Don’t add too many tags – this increases the cardinality of the metric being collected, making it slower to retrieve, and cause storage problems (not just with datadog, with any time series database)

Good examples of tags might be:

  • branch
  • platform
  • hostname (for scriptworkers and others where this makes sense, not docker)
  • The unit of any collected measurement – bytes, bps, Mbps, gigaparsecs per hour. Essential if we want to compare two metrics and know whether the comparison is meaningful
  • script name and version (“There’s a spike here when we changed from scriptv1 to scriptv2!”)

See also Metrics 2.0 for useful guidance.

with ddstats.timer(‘sleeptimer’, tags=metric_tags)

A straightforward enough example – when entering the context, the time is recorded, and when the context exits the difference in time is submitted. In this example the metric name will be ‘releng.sandbox.blogpost.sleeptimer’, and it will be tagged with the tags set just above.

The ‘dog’ command line tool

Sometimes you may need a shell script to send metrics. If you’ve installed datadogpy, then there will be a command to send data and make a few other queries. Its basic use will be like this:

dog metric post "releng.sandbox.mytest.metric" 1.0

To add tags:

dog metric post "releng.sandbox.mytest.metric" 1.0 --tags "tag1:value1,tag2:value2"
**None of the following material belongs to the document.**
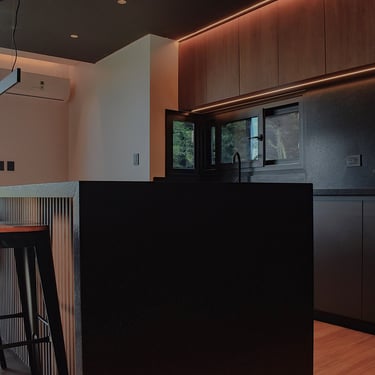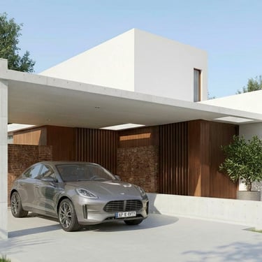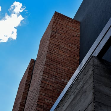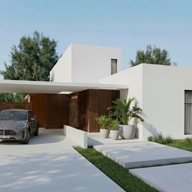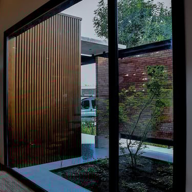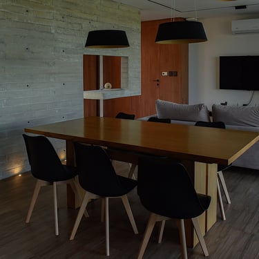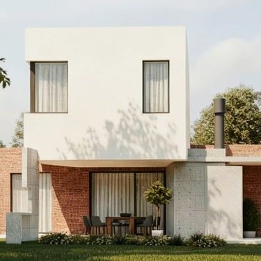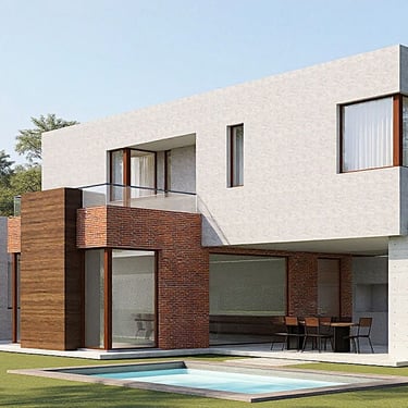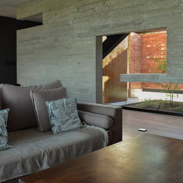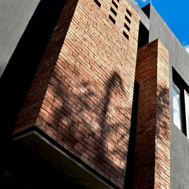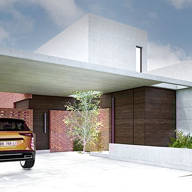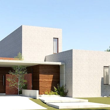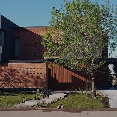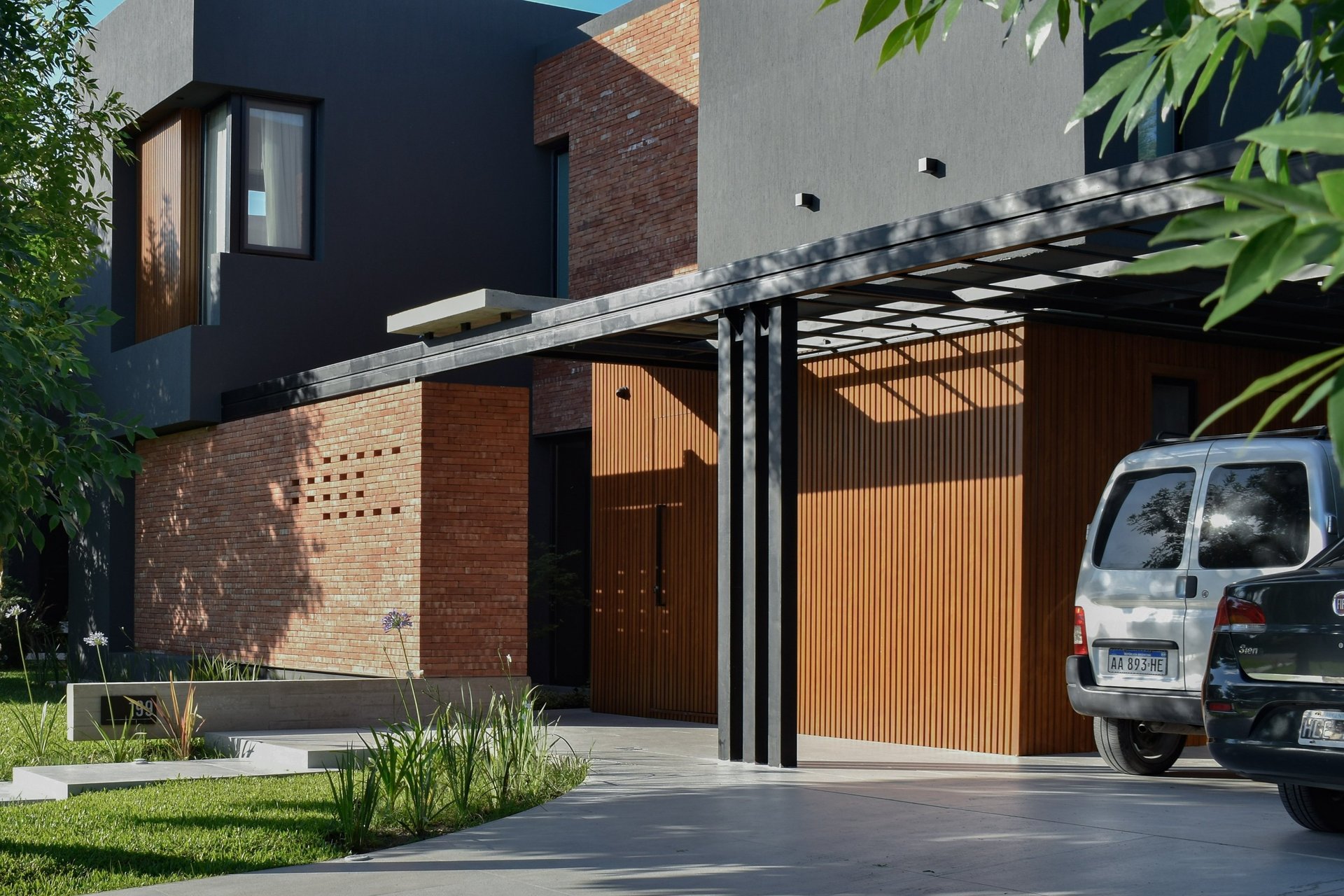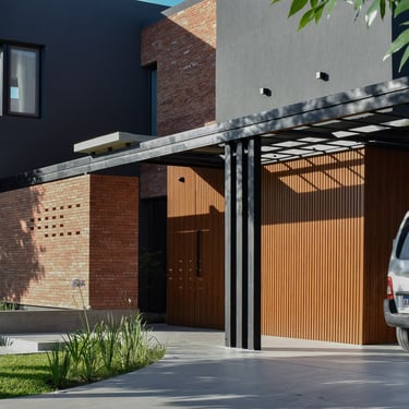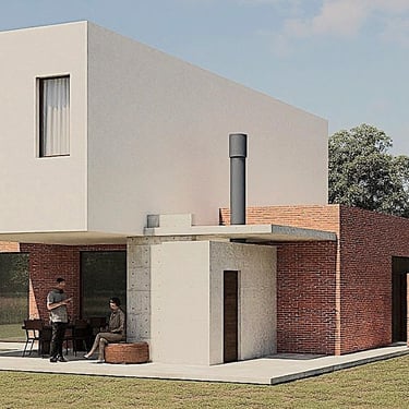 MATERIA: Las áreas privadas se materializan como dos cajas terminadas con revestimiento texturado color blanco tiza. El perímetro del área social está conformado por mampostería de ladrillo visto y revestimiento de WPC símil madera, del mismo tono que las carpinterías exteriores. Las columnas y la losa que definen la cochera son de hormigón visto, al igual que algunos otros elementos presentes en el conjunto.

The current hostname will be automatically added as a tag. If you’re running in a docker-worker, or don’t care about the hostname of the instance that produced the metric, then you can add the –no_host option to avoid sending the hostname.

The .dogrc file

To get the command-line tool to work, it needs a configuration file with the API key in. This is configparser compatible:

[Connection]
apikey = api_key_goes_here
appkey =

(Yes, appkey can be left blank)

Funsize has an example of generating this dogrc file from a surrounding python script.